Errores frecuentes en la práctica clínica
Uno de los errores más comunes es convertir el bloqueo en un acto reflejo ante cualquier dolor refractario. Otro es interpretar una respuesta parcial como fracaso absoluto o, en sentido contrario, asumir que una mejoría transitoria confirma por completo el diagnóstico. En dolor crónico, la respuesta a un procedimiento puede estar modulada por sensibilización central, expectativas del paciente, carga inflamatoria fluctuante y coexistencia de varias fuentes nociceptivas.
También persisten errores técnicos con impacto clínico directo: elegir transductores inadecuados, perder la visualización fina de la punta, infiltrar con volúmenes excesivos que reducen la especificidad diagnóstica o no documentar de forma estructurada dolor basal, función, territorio sensitivo y tiempo de respuesta. Sin medición rigurosa, la técnica genera sensación de control, pero no conocimiento clínico real.
Formación: el factor que más separa precisión de improvisación
En procedimientos avanzados, la curva de aprendizaje no se resuelve con teoría aislada ni con observación pasiva. Requiere integración entre anatomía ecográfica, indicación clínica, destreza manual y exposición supervisada a casos reales. Ese es el punto en el que la formación de alto nivel marca la diferencia entre reproducir maniobras y desarrollar criterio intervencionista.

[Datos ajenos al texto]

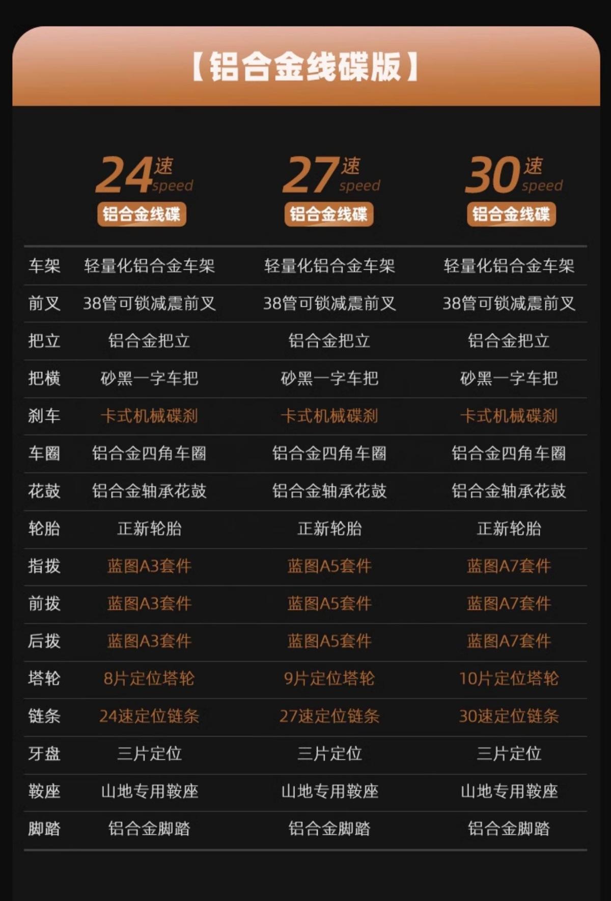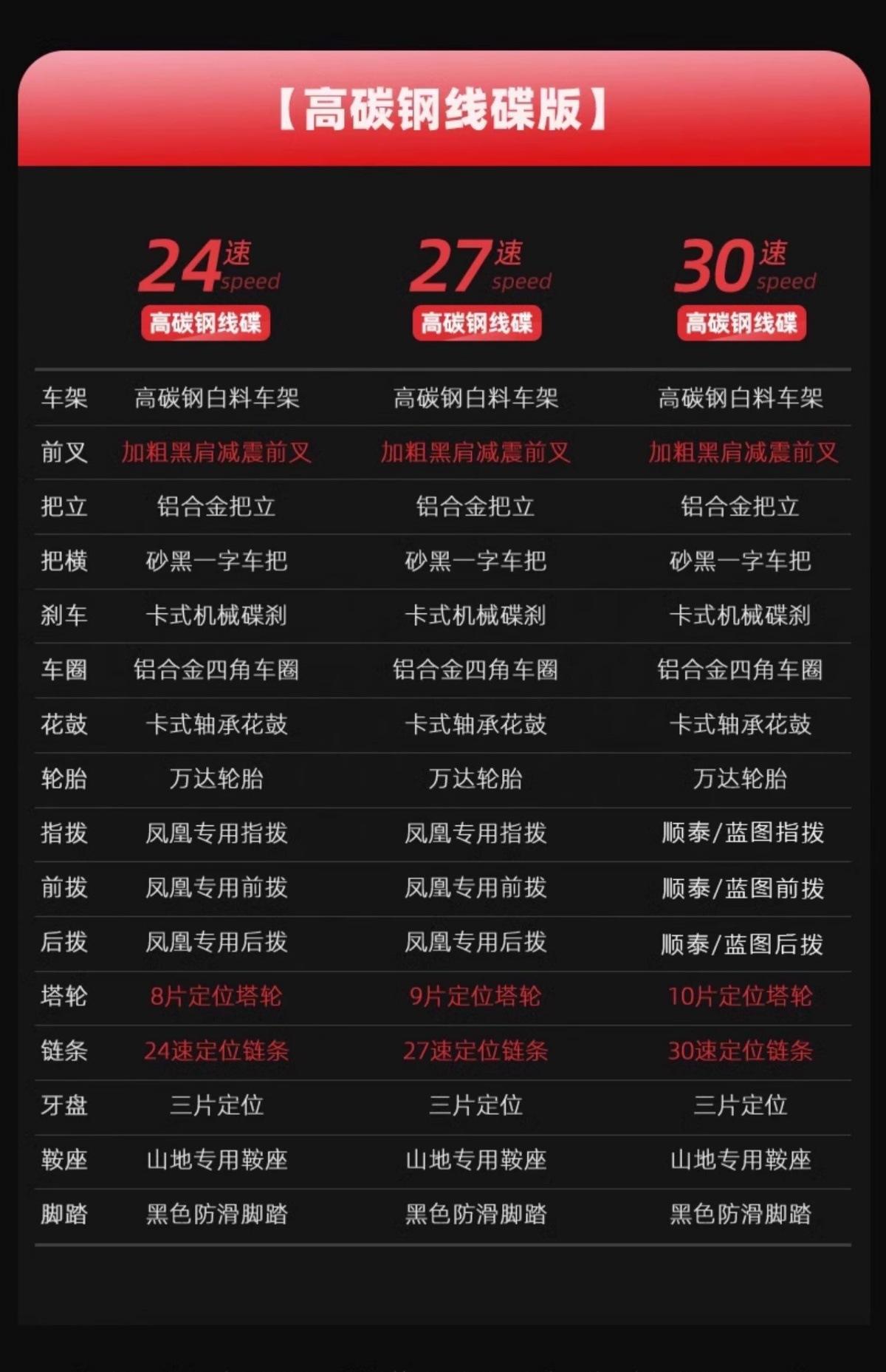 24inch +24 speed, 26inch +24 speed, 27.5inch +24 speed, 24inch +27 speed, 26inch +27 speed, 27.5inch +27 speed...

Para médicos que desean incorporar este tipo de procedimientos a una práctica de excelencia, el entrenamiento debe incluir correlación anatomoclínica, optimización de planos, manejo de complicaciones, interpretación de resultados y selección de pacientes. En este terreno, propuestas formativas altamente especializadas como las impulsadas por AEMR responden a una necesidad clara del mercado hispanohablante: pasar de la ecografía como herramienta diagnóstica al intervencionismo ecoguiado con estándares clínicos exigentes.
Hacia un modelo más preciso de tratamiento del dolor
Los bloqueos ecoguiados no compiten con la rehabilitación, la farmacoterapia racional, la educación en dolor o las terapias regenerativas cuando están indicadas. Forman parte de una medicina de precisión aplicada al aparato locomotor y al dolor periférico, donde la anatomía funcional y la toma de decisiones basada en evidencia tienen un papel central.
El futuro inmediato no pasa por hacer más bloqueos, sino por hacer mejores bloqueos. Más selectivos, mejor medidos, mejor integrados y mejor enseñados. El clínico que domina esta lógica no solo mejora su tasa técnica. Mejora su capacidad de decidir cuándo intervenir, cuándo no hacerlo y cómo convertir una técnica puntual en una ventaja terapéutica real para el paciente.
Ese es, en última instancia, el nivel al que merece situarse el intervencionismo ecoguiado en dolor crónico: no como repertorio de procedimientos, sino como expresión madura de criterio clínico, precisión anatómica y excelencia formativa.